Tuesday, November 15, 2016

Harry Reid - Secular Provocateur and the Anti-Trump "Protests"



Harry Reid referred to Donald Trump as “a sexual predator who lost the popular vote,” and further claimed, “White nationalists, Vladimir Putin and ISIS are celebrating Donald Trump’s victory, while innocent, law-abiding Americans are wracked with fear.”

This is the same Harry Reid, who on the floor of the Senate of the United States, no less, claimed Mitt Romney had not paid taxes when it was absolutely false. 

Reid’s response when Romney’s released tax returns proved that he lied?  “Romney didn’t win, did he?”  Washington Post - Reid Not Sorry He Lied .  

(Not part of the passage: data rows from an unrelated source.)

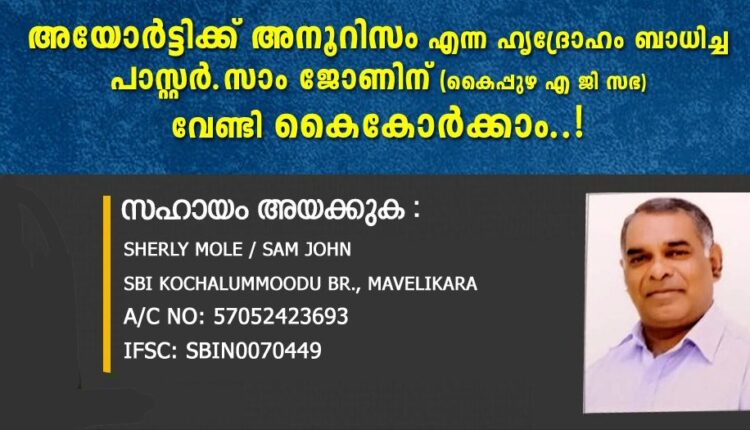 അയോർട്ടിക്ക് അനൂറിസം എന്ന ഹൃദ്രോഗം ബാധിച്ച പാസ്റ്റർ സാം ജോണിനു (കൈപ്പുഴ എ.ജി സഭ) വേണ്ടി കൈകോർക്കാം!
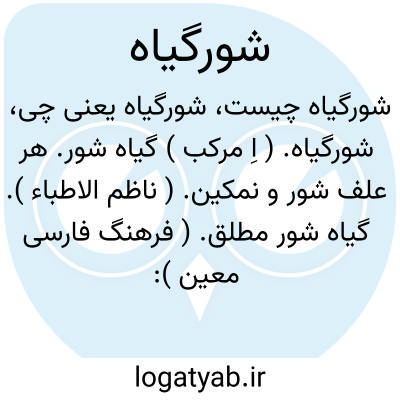 شورگیاه. ( اِ مرکب ) گیاه شور. هر علف شور و نمکین. ( ناظم الاطباء ). گیاه شور مطلق. ( فرهنگ فارسی معین ): نبت مالح؛ شورگیاه.هجیر؛ شورگیاه خشک شکسته. ( منتهی الارب ). حمض. رمث. سرمق. ( یادداشت مؤلف ).
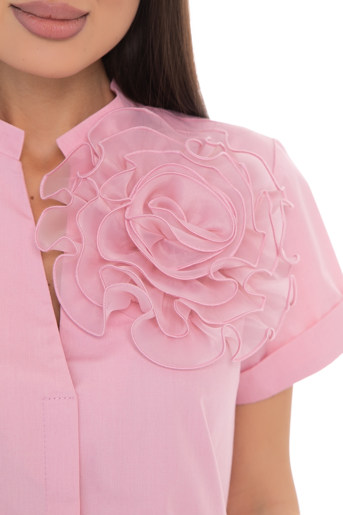 Блузка  продуманного и универсального фасона, идеально подходящего под любой низ. Блуза с изящным цветком из органзы, идеально впишется в любой гардероб: для создания делового образа, повседневного или праздничного. Можно носить как с классическими брюками и юбками, так и с джинсами или под сарафан. Прекрасно смотрится как в заправленном состоянии, так и на выпуск. Благодаря эластану в составе ткани блузка практически не мнется, обладает износостойкостью, обеспечивает идеальный комфорт. Ткань с содержанием хлопка..Воротник стойка, рукав короткий   с манжетом.
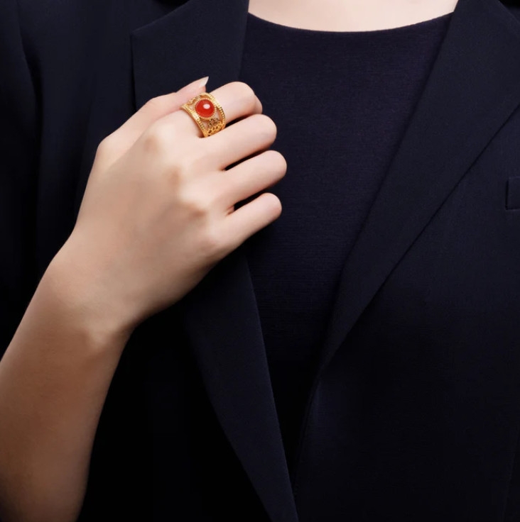 Mỗi chiếc nhẫn còn mang theo biểu tượng nổi tiếng về vẻ đẹp “Quốc sắc thiên hương” dưới thời nhà Đường chính là hoa mẫu đơn. “Nữ hoàng của các loài hoa” trong ánh vàng kim kiêu sa sẽ làm rạng ngời phong cách và sự quý phái của bạn bất kể nơi đâu.
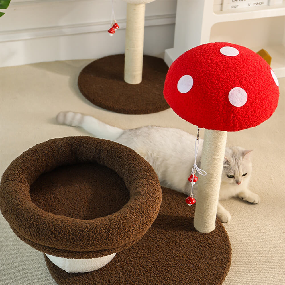 Cadre d'escalade pour chat en champignon rouge avec poteau à gratter en sisal
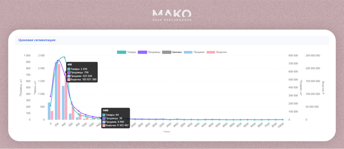 Причем максимально востребован ценовой сегмент 400-600 р. А тот, в котором работал производитель спортивной бытовой химии (1200-1400) имел узкий спрос. Объем продаж в масс-маркете был в 23 раза больше.
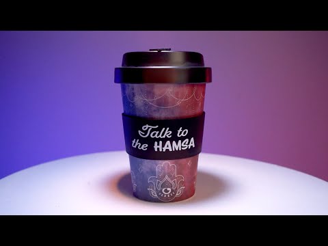 • Bijpassende zwarte anti-spill-deksel en beschermende siliconenband met punny-zin 'Praat met de Hamsa'.
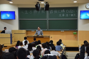 文学部人間学科の共通専門科目「人間学」の授業が6月23日(木)大教室棟で行われ、大相撲の元大関琴風の尾車親方が「人生8勝7敗-最後に勝てばよい」と題し講演を行いました。
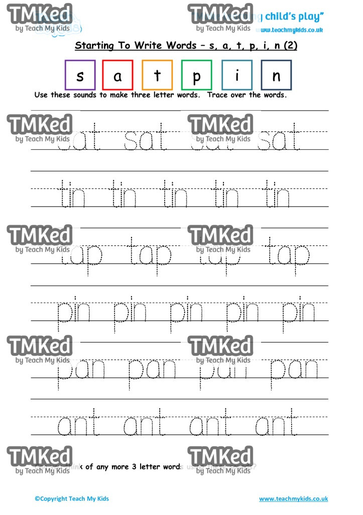 Use these sounds to make three letter words. Trace over the words.
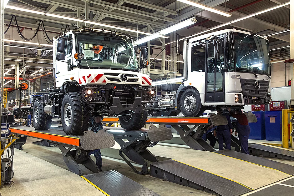 Hier entstehen Fahrzeuge der Baureihen Unimog, Econic und Zetros, die in mehr als 150 Ländern zum Einsatz kommen. Mit der Führung durch den Standort möchte die AG Gästen aus aller Welt die Gelegenheit geben, die Produktions-Kette in ihren „heiligen Hallen“ mitzuerleben. Ein speziell geschulter Tour-Guide führt die Besucher durch die Manufaktur, in der die Special-Trucks weitestgehend in Handarbeit gefertigt werden.
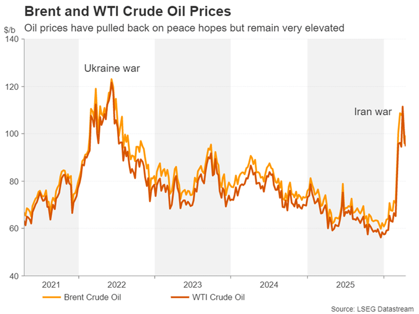 未來幾天和平進程的任何挫折都可能輕易將油價推回100美元以上。然而,股市面臨更大調整風險,華爾街在尚未達成永久結束中東衝突協議之前,已創下新高。
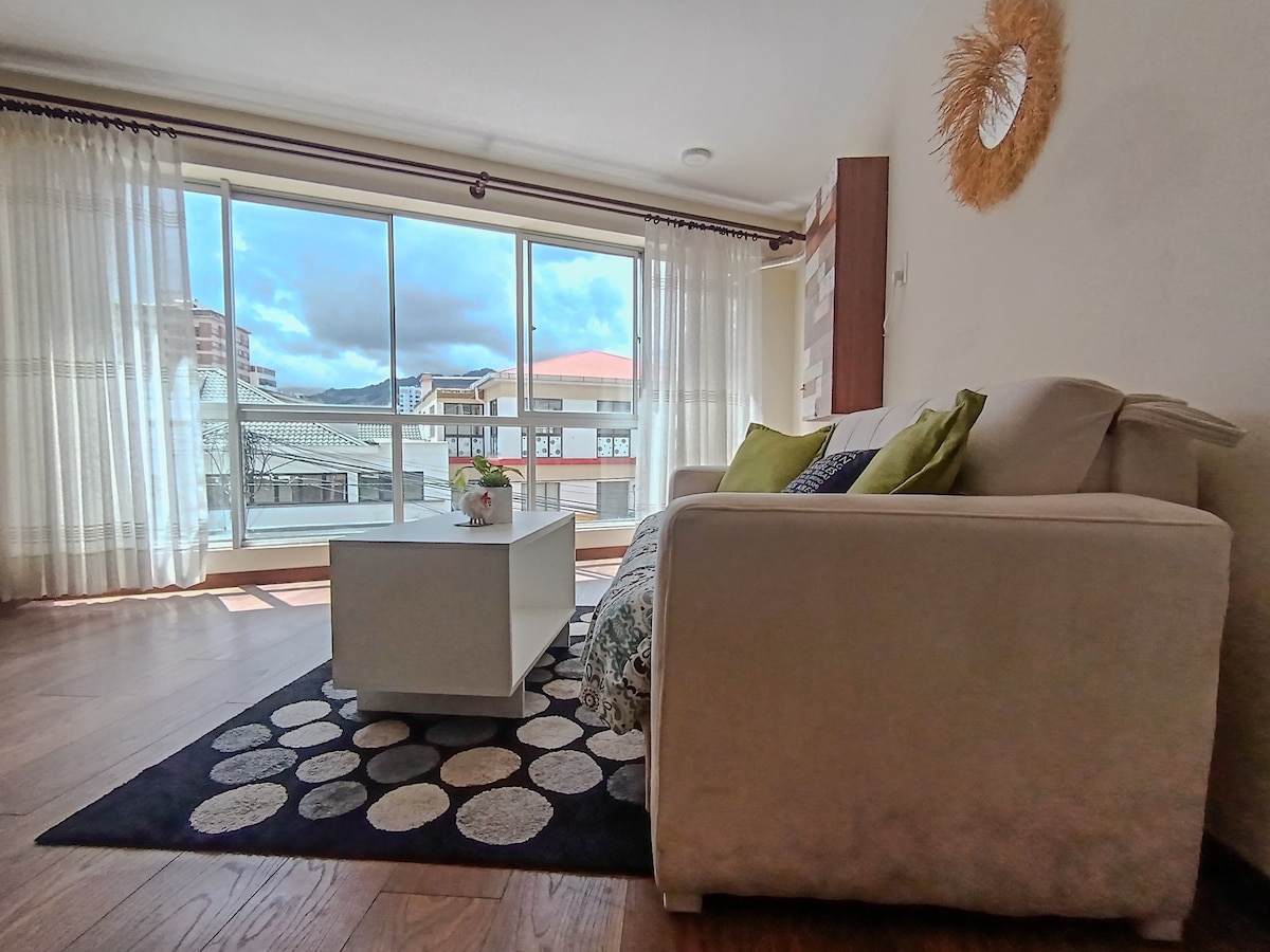 Excelente ubicación, vista panorámica del piso 14, edificio moderno, cerradura inteligente, ascensor con tarjeta, 35 Megas, calefacción y garaje Un dormitorio en suite y otro con cama doble Comedor, living con dos sofá cama (doble y simple), 2 baños (secadora de pelo), lavandería (lavaropa, plancha), cocina, extractor de grasa, refrigerador, microondas, licuadora, caldera eléctrica, cafetera, horno Cerca: Embajadas (Alemana, Americana, Argentina, Brasil, España, Japón), Supermercados, Teleférico

Why, then, does anyone even bother listening to Harry Reid, let alone publish anything he says?  Moreover, are things like shutting down interstate highways, vandalizing cars and buildings, setting fires, and getting into fights the acts of “innocent, law abiding Americans?”  How is that showing they are “wracked  with fear?”  Looks more to me like these folks lack fear and are willing to do whatever they want, regardless of the law.

Harry Reid proves what is absolutely wrong with the many so-called Anti-Trump protests.  These folks have been taught to believe, as Harry Reid does, that the ends justify the means.  In fact, we are seeing a whole language being developed that is downright Orwellian and feeds into this phenomenon. 

I previously posted about a Duke Ph.D. student who explained my “white fragility” and how I was a racist because I don’t accept nonsense like “white privilege” and that words are “violent.”  When you begin to accept, as many of these foolish people have, that words which upset you are “violence” against you, then it becomes very easy to rationalize actual physical violence in return.  People like Harry Reid are frighteningly evil because they have turned things upside down.  Donald Trump is a racist, misogynist, xenophobic, homophobic, etc. etc. etc. bad guy, and his rhetoric is hateful to blacks, Hispanics, and other minorities, women, immigrants, LGBTQ and anyone else who takes offense at things Trump has said.  Therefore, Trump, according to Harry Reid, is “unleashing hate” which is a form of violence in the current parlance.  Pushing back against this verbal “violence” is not only acceptable but proper and morally necessary, even if it means using actual violence.

In fact, it becomes easy to even argue for actual physical violence in advance of such verbal violence as a way of stopping it before it begins.  (Sounds an awful lot like the hated Bush-era notion of preemptive war – which is incredibly ironic, given that people like Harry Reid claimed what Bush was doing was improper and immoral).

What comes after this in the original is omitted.